**PROMPT**
Omit the pictures and return exactly the stretch of the material below from the line with "สวิตช์ไฟชาร์จติดผนังพร้อมผนัง UK:ทองแดง" through the line with "This page presents".
== SUPPLIED DATA ==
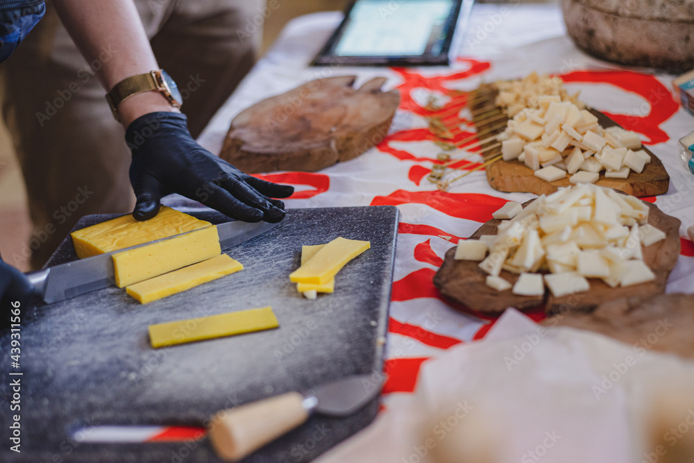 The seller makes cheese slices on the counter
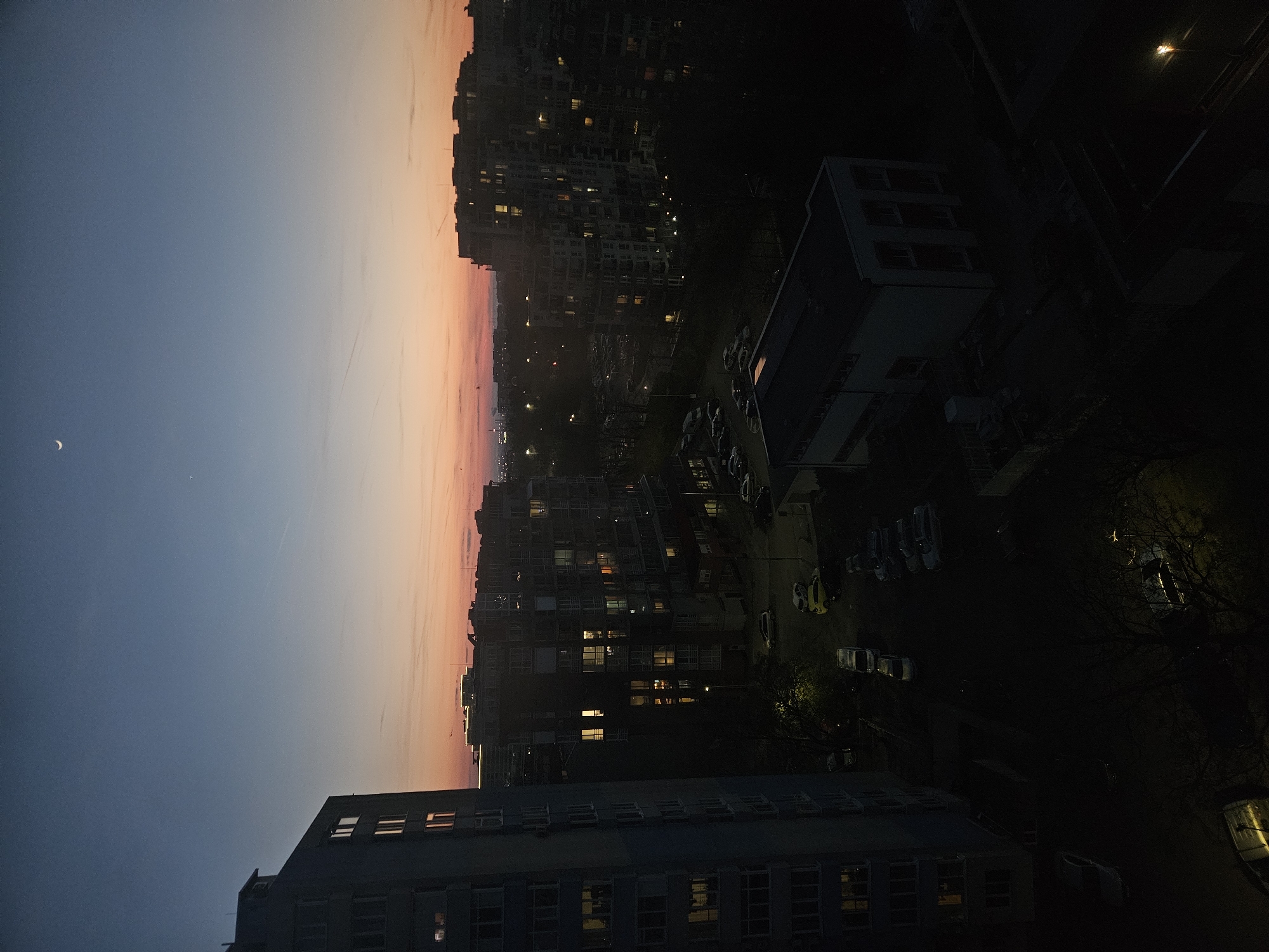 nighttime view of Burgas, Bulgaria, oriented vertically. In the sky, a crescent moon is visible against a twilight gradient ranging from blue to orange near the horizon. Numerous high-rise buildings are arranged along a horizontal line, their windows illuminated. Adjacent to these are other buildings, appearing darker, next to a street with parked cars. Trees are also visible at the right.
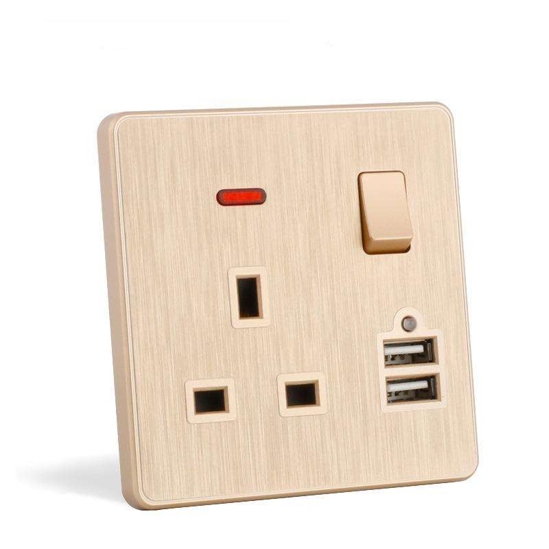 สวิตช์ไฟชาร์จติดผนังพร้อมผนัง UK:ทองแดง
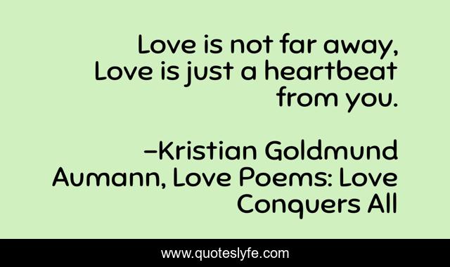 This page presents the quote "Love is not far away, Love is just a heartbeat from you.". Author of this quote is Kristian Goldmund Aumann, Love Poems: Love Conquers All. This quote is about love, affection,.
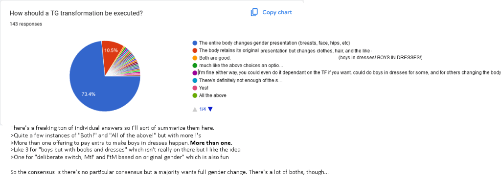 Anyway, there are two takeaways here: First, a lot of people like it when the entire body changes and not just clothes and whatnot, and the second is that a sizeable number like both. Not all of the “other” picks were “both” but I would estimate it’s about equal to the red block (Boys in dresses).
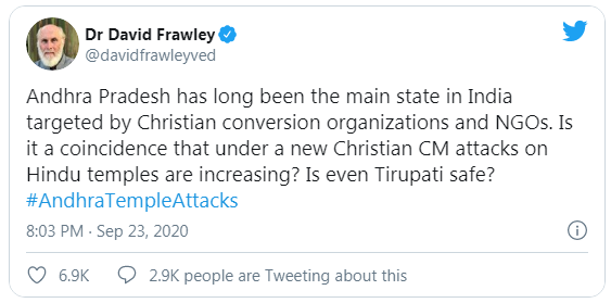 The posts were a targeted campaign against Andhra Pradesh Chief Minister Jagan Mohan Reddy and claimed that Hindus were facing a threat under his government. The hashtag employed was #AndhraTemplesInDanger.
===
== SUPPLIED DATA ==
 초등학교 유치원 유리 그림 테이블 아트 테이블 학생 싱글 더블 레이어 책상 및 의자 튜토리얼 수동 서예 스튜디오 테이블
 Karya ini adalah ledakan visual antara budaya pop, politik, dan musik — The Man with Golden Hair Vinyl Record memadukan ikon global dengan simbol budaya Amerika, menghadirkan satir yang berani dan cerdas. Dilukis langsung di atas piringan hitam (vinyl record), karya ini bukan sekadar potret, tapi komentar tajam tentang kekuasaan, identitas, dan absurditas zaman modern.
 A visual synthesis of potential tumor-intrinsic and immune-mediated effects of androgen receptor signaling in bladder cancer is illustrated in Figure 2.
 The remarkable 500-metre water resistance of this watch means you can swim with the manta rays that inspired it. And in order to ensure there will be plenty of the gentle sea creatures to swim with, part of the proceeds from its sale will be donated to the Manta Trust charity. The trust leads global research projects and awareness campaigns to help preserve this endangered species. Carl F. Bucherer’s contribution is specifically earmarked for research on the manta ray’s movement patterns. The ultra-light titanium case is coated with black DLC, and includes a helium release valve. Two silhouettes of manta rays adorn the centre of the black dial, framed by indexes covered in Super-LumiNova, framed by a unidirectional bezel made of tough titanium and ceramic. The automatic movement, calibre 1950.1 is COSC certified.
===
**TASK RESULT**
 สวิตช์ไฟชาร์จติดผนังพร้อมผนัง UK:ทองแดง
 This page presents the quote "Love is not far away, Love is just a heartbeat from you.". Author of this quote is Kristian Goldmund Aumann, Love Poems: Love Conquers All. This quote is about love, affection,.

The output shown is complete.